### DATA PROVIDED
-------

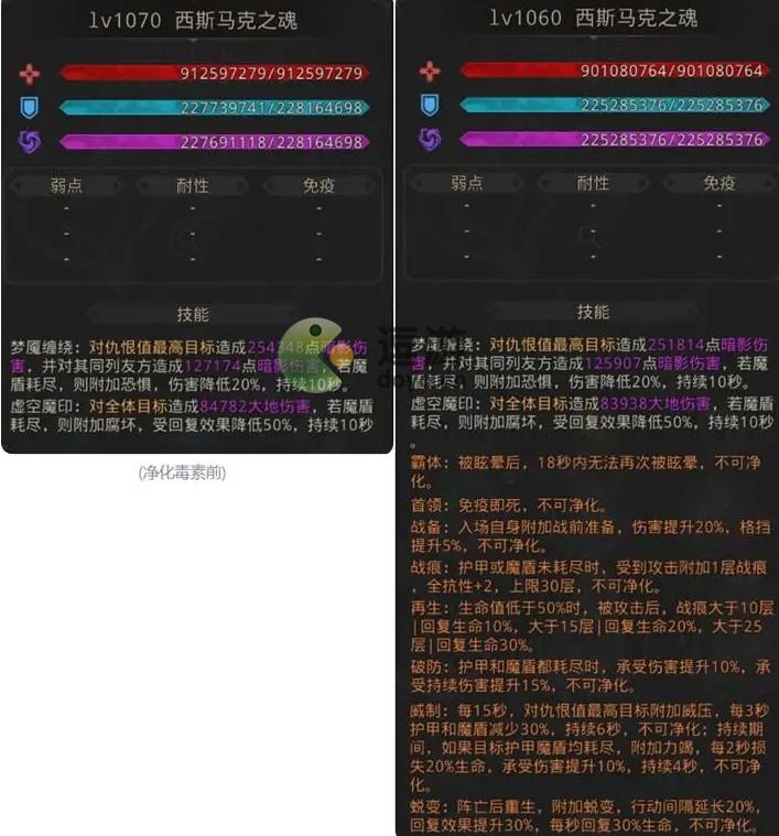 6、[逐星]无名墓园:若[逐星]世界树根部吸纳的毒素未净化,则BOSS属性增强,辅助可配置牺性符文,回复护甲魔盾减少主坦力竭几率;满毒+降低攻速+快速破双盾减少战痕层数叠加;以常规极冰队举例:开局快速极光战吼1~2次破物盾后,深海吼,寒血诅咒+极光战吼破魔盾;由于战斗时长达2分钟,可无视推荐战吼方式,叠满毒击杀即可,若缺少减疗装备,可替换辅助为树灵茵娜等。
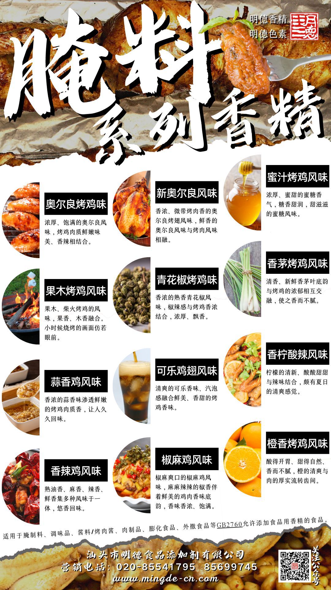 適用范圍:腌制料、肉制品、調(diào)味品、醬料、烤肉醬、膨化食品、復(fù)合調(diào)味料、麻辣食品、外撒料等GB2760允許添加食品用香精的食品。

-------

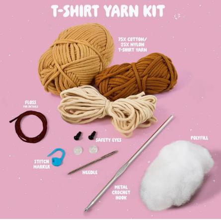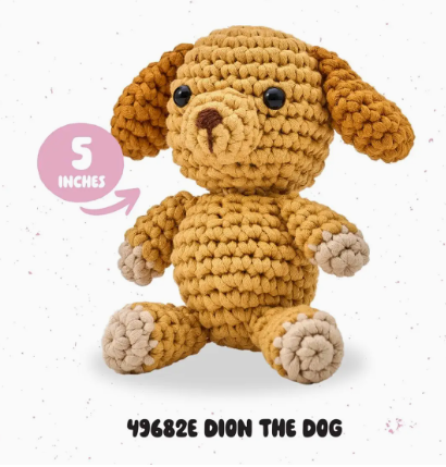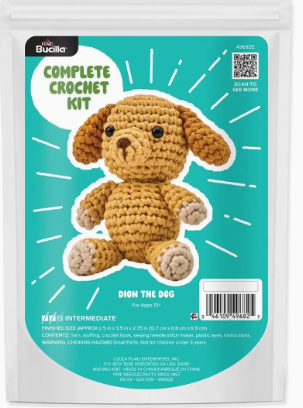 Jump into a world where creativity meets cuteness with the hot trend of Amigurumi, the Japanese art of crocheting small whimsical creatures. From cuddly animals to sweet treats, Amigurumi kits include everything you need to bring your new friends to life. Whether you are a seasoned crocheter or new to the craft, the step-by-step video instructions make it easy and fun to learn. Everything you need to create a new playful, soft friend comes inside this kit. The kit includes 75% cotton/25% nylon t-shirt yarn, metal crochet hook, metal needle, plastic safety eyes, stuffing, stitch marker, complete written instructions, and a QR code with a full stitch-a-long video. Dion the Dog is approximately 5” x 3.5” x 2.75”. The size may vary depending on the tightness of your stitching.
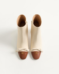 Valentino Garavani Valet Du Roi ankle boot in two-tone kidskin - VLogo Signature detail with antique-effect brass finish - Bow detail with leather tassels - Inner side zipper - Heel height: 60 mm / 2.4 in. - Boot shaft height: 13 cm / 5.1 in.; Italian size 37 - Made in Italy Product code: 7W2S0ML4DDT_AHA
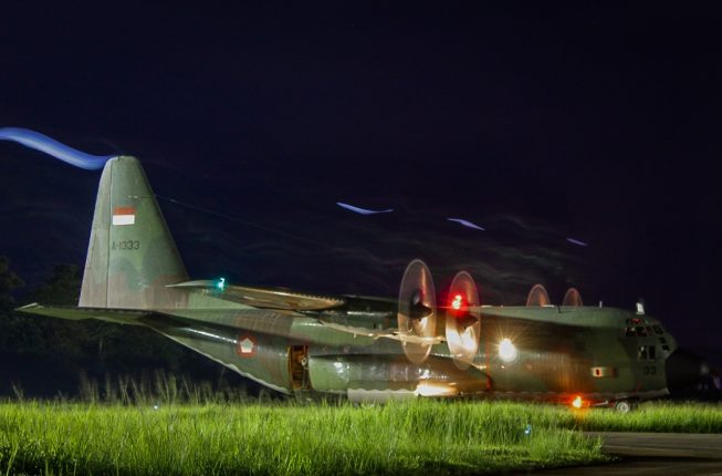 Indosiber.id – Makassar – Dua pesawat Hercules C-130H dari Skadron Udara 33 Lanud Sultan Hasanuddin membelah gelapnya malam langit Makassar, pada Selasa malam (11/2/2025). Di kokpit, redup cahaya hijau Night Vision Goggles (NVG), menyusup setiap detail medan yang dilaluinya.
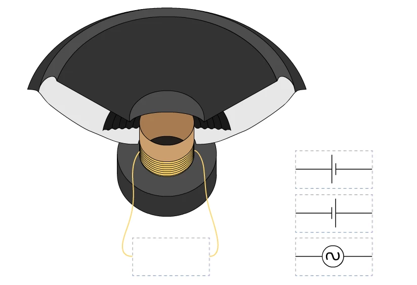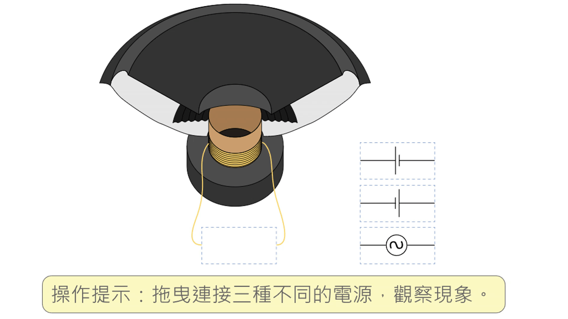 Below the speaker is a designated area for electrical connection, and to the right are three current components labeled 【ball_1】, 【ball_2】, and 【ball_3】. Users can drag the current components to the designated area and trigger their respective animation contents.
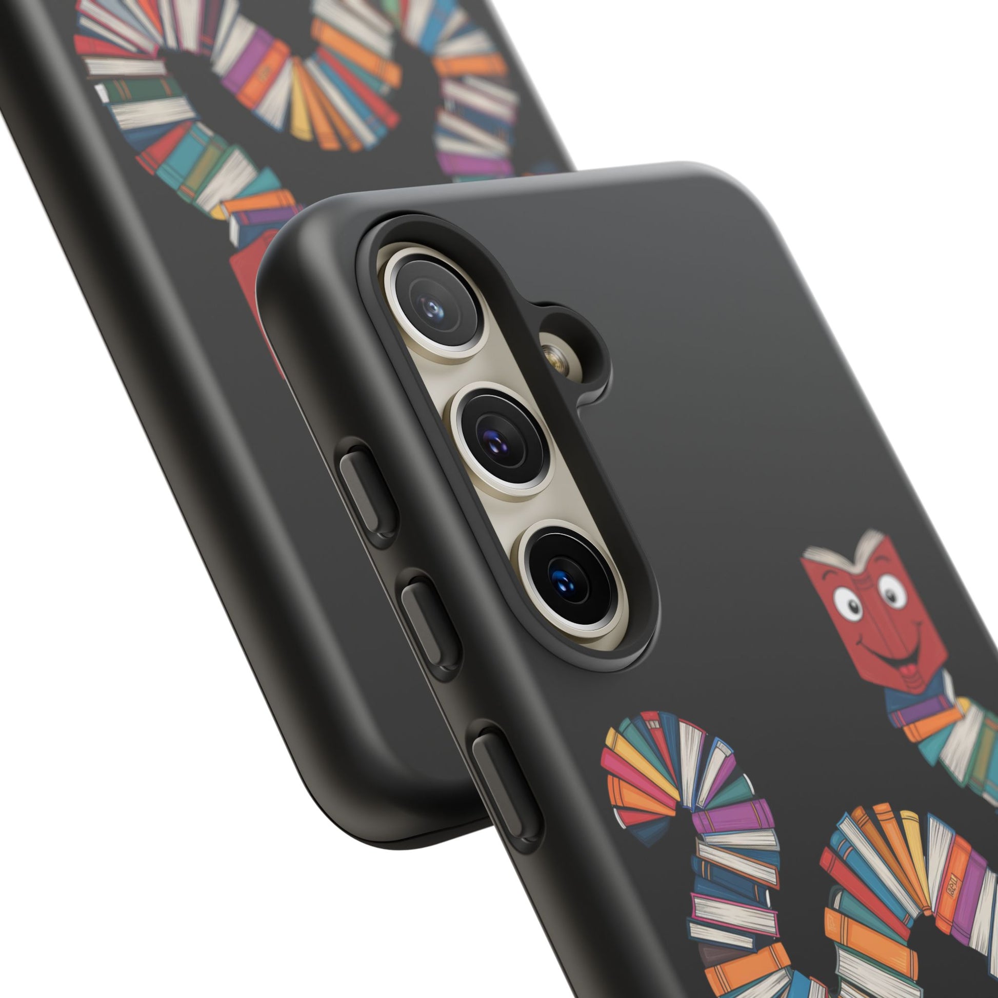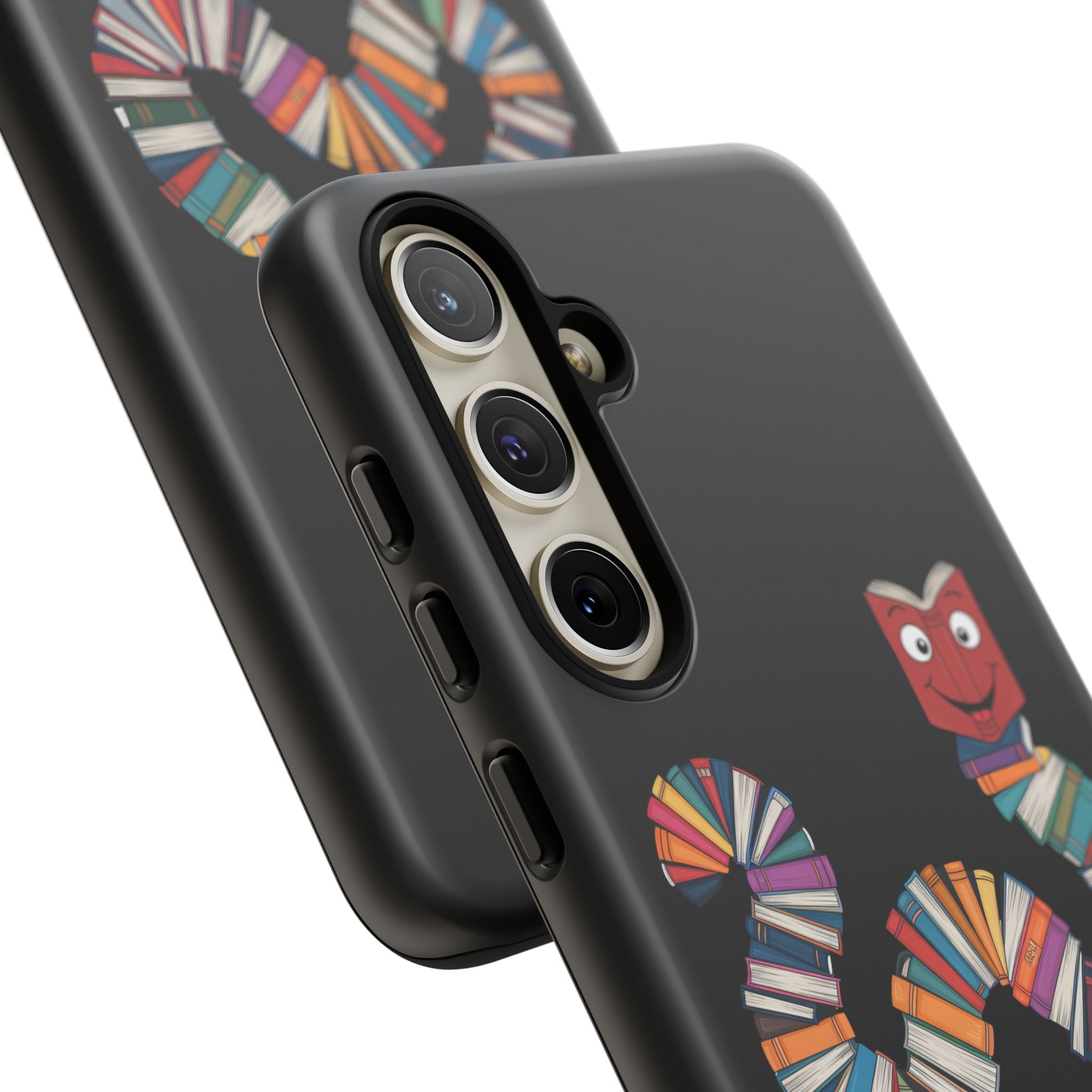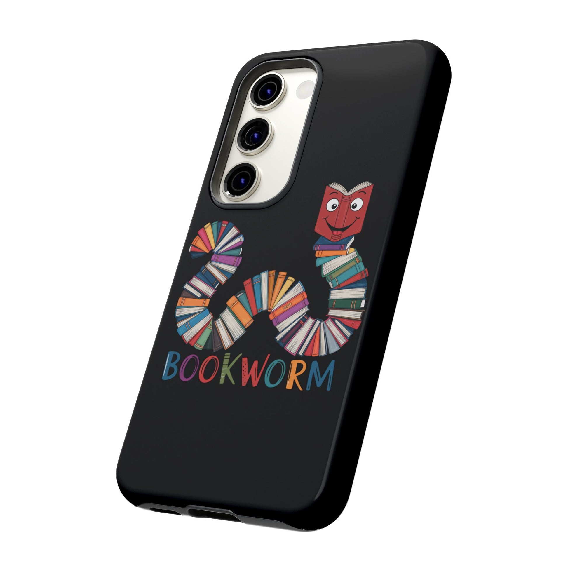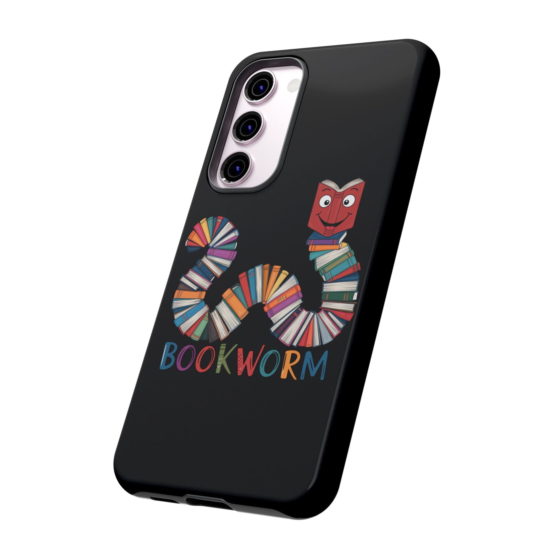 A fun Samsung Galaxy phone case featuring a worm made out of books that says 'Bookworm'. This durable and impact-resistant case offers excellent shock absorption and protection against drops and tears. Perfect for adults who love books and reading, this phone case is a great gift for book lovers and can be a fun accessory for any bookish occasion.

-------

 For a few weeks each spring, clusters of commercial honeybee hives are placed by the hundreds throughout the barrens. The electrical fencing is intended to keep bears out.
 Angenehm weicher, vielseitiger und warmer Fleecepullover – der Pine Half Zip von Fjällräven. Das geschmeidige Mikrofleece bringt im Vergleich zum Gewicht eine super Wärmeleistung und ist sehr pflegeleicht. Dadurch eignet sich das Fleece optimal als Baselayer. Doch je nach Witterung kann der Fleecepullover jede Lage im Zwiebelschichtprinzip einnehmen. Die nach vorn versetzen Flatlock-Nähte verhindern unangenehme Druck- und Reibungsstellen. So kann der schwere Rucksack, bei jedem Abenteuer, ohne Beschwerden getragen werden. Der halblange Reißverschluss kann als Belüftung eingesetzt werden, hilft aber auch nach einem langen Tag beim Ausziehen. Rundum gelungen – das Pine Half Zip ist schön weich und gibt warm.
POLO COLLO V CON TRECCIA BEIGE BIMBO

-------

### PROBLEM STATEMENT
An exact copy is needed of the stretch above that opens with the line containing "6、[逐星]无名墓园:若[逐" and closes with the line containing "適用范圍:腌制料、肉制品、調"; the pictures are not part of it.

### RESULT OF THE EXERCISE
 6、[逐星]无名墓园:若[逐星]世界树根部吸纳的毒素未净化,则BOSS属性增强,辅助可配置牺性符文,回复护甲魔盾减少主坦力竭几率;满毒+降低攻速+快速破双盾减少战痕层数叠加;以常规极冰队举例:开局快速极光战吼1~2次破物盾后,深海吼,寒血诅咒+极光战吼破魔盾;由于战斗时长达2分钟,可无视推荐战吼方式,叠满毒击杀即可,若缺少减疗装备,可替换辅助为树灵茵娜等。
 適用范圍:腌制料、肉制品、調(diào)味品、醬料、烤肉醬、膨化食品、復(fù)合調(diào)味料、麻辣食品、外撒料等GB2760允許添加食品用香精的食品。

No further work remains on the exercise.